- _TRY IT_
Print, exactly as they appear in the listing below, the lines from the line with "圖1:準(zhǔn)諧振、LLC和非對(duì)稱半橋拓?fù)涞谋容^" to the line with "Описание товара Lip", with both end lines kept.

- _INFORMATION_

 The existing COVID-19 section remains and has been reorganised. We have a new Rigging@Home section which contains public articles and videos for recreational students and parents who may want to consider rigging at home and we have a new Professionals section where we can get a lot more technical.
==
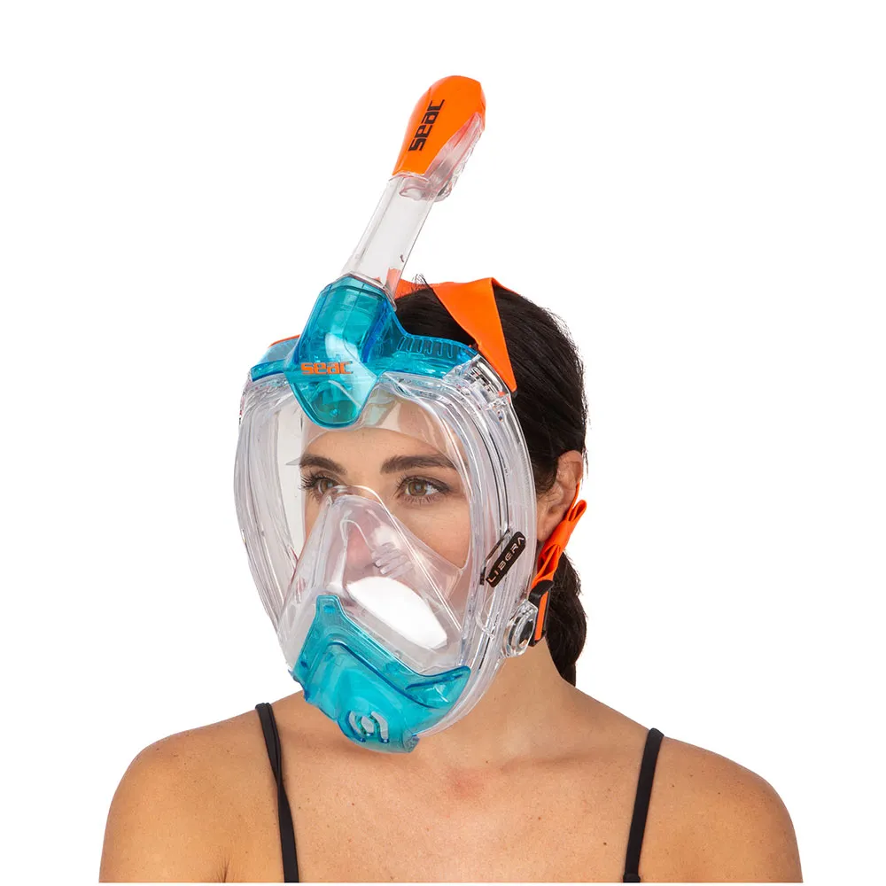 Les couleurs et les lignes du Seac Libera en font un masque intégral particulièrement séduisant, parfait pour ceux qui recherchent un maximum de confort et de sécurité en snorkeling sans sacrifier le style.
--
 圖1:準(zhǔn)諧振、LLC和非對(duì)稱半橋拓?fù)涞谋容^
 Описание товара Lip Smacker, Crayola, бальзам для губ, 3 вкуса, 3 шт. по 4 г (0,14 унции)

- _ANSWER FOR THIS EXERCISE_
 圖1:準(zhǔn)諧振、LLC和非對(duì)稱半橋拓?fù)涞谋容^
 Описание товара Lip Smacker, Crayola, бальзам для губ, 3 вкуса, 3 шт. по 4 г (0,14 унции)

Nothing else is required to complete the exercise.